In fact, PhoCusWright financial analyst Jake Fuller, in his recent report, Does the Model Work Without Fees?, cited "indications of a mid-teens increase in air-transaction volume since waiving fees [in March and April] suggests a rise in [OTA] share to 37% and that OTAs would be able to offset at least some of the lost fees through volume."

Fuller pegged the OTAs' share of online-flight bookings at 32 percent in 2008, down from a peak share of 44 percent in 2002.

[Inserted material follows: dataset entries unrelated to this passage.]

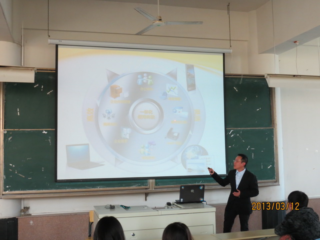 2013年3月12日下午2點(diǎn),計(jì)算機(jī)系邀請(qǐng)?jiān)扑歼_(dá)科技公司資深軟件專家宋立恒在一號(hào)教學(xué)樓301室開(kāi)展了一場(chǎng)以“微軟生產(chǎn)力平臺(tái)——科技以人為本,創(chuàng)新成就未來(lái)”為主題的講座。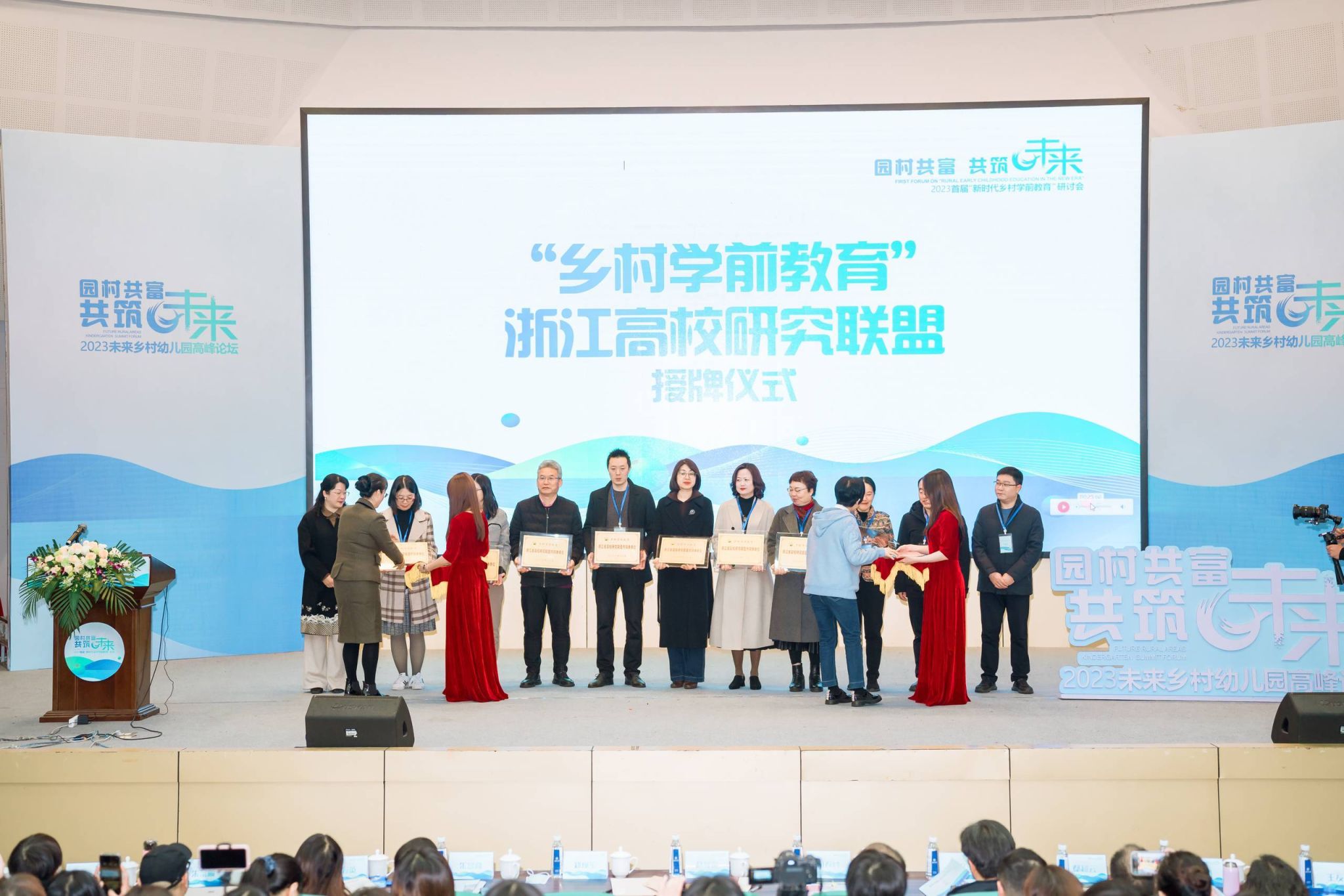 研讨会现场,sunbet申愽官网作为召集单位,联合浙江师范大学、杭州师范大学、宁波大学等12所浙江高校共同组成乡村学前教育浙江高校研究联盟。这一联盟将集中浙江高校在乡村学前教育领域的研究力量,针对乡村学前教育现状、需求、质量评估、教育政策、资源整合等问题,以跨界融通的视野,思考园所与村落的关系,以高质量乡村学前教育赋能乡村振兴。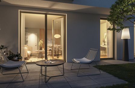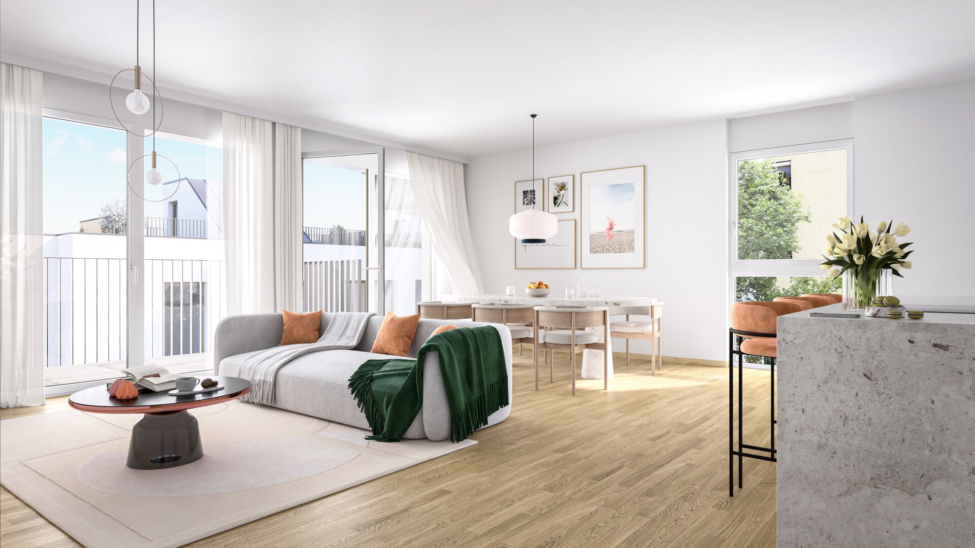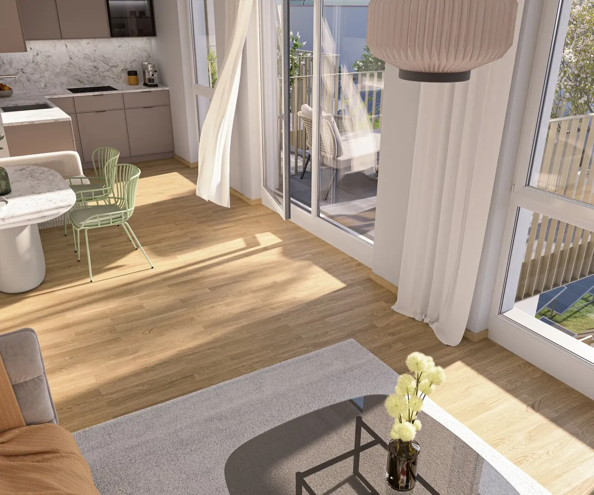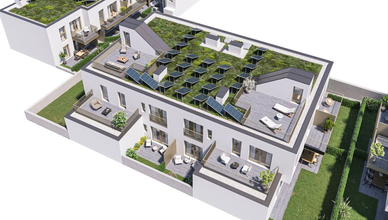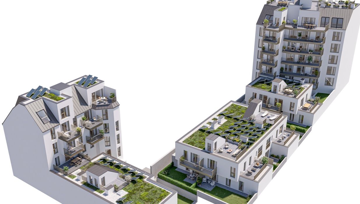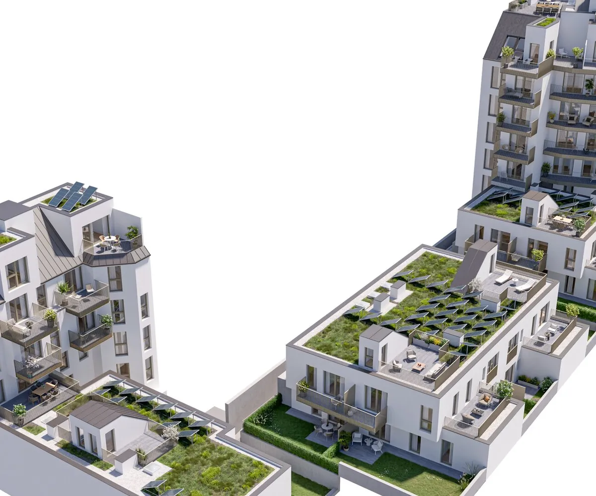 Die sorgfältig geplanten Eigentumswohnungen und Townhouses bieten mit ihren vielfältigen Grundrissen und Wohnungsgrößen für jede Lebensphase die ideale Wohnlösung. Ein behagliches Wohnambiente erzeugen die edlen Eichenparkettböden sowie die hochwertige Sanitärausstattung in den Bädern. Die Raumtemperatur lässt sich bequem über die Fußbodenheizung, die durch Fernwärme betrieben wird, sowie über die elektrisch bedienbaren Raffstores oder Rollläden regulieren. In den Dachgeschosswohnungen sorgen zusätzlich installierte Klimaanlagen dafür, dass es auch im Sommer angenehm kühl bleibt. Jede Wohneinheit verfügt über eine eigene private Freifläche, die die Wohnräume nach außen erweitert und einen idealen Rückzugsort für Erholung und Entspannung bietet.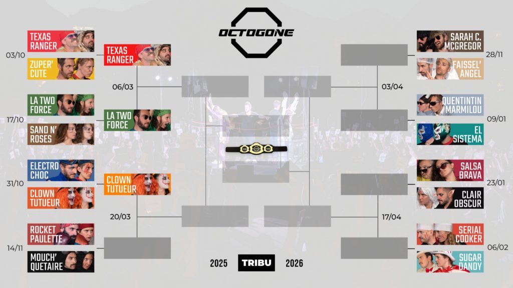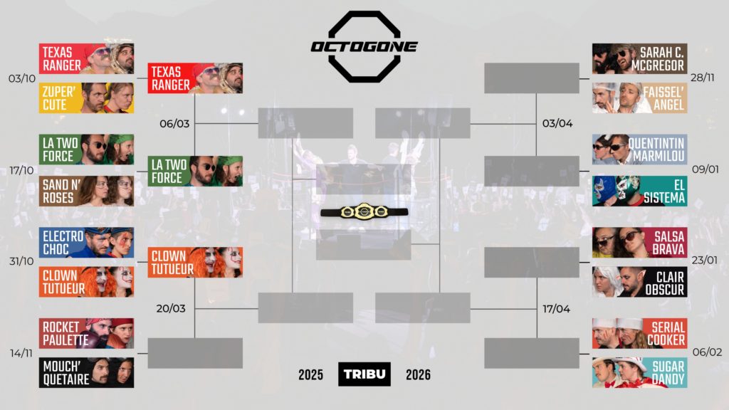 Le spectacle Octogone met à l’épreuve les challengers dans des improvisations courtes arbitrés d’une main experte. Mais seul le public décide qui l’emporte à la fin de la soirée !

So if a bunch of major carriers follow United's lead on credit-card fee avoidance and the OTAs are forced to reinstate some form of consumer-booking fee to shoulder the new burden, then the increased volumes that the OTAs have seen in the last few months may evaporate as some consumers return to airline websites for flight-booking.

And, as Nadine Godwin notes in her Travel Weekly piece, United's initiative could drive more travel agent bookings to United.com, as well.

Godwin writes: "Alternatively [instead of agents absorbing the fees and booking United flights using their own merchant acounts], it could push agencies to book at the carrier's website rather than the GDSs, leaving United to pay credit card merchant fees but bypass GDS fees."

Travel organizations quickly are taking sides on the issue.

ASTA (American Society of Travel) has taken a dim view of the United plan and reportedly stated that it would be asking the Justice Dept. to monitor possible airline collusion on the issue since carriers have openly aired their feelings on the question of reducing credit-card fees for some time.

And Robert Joselyn, a prominent travel industry consultant, reportedly is urging travel agents to book carriers other than United as a form of protest to convince the airline to rescind its new credit-card policy.

After greatly reducing their GDS fees several years ago, many airlines identified credit-card fees as the next battleground in the drive to reduce distribution costs -- but United's is the first potentially game-changing attempt.

In a July 2007 Travel Weekly article, Al Lenza, then Northwest's vice president of distribution and e-commerce, said credit card fees were soaring and it was critical for Northwest to trim its "dependence on credit cards."

Lenza was the point man in Northwest's ill-fated drive in 2004 to have agents pay a "shared GDS fee" in an attempt to reduce Northwest's distribution costs. After vehement protest by travel agencies and the GDSs, Northwest withdrew the plan.

Lenza left Northwest in 2008 when it merged with Delta, and The Beat reported in February that he began working at United on distribution strategy.


Comments:

Agencies will never be able to get the necessary multi-million dollar lines of credit from credit card processing companies.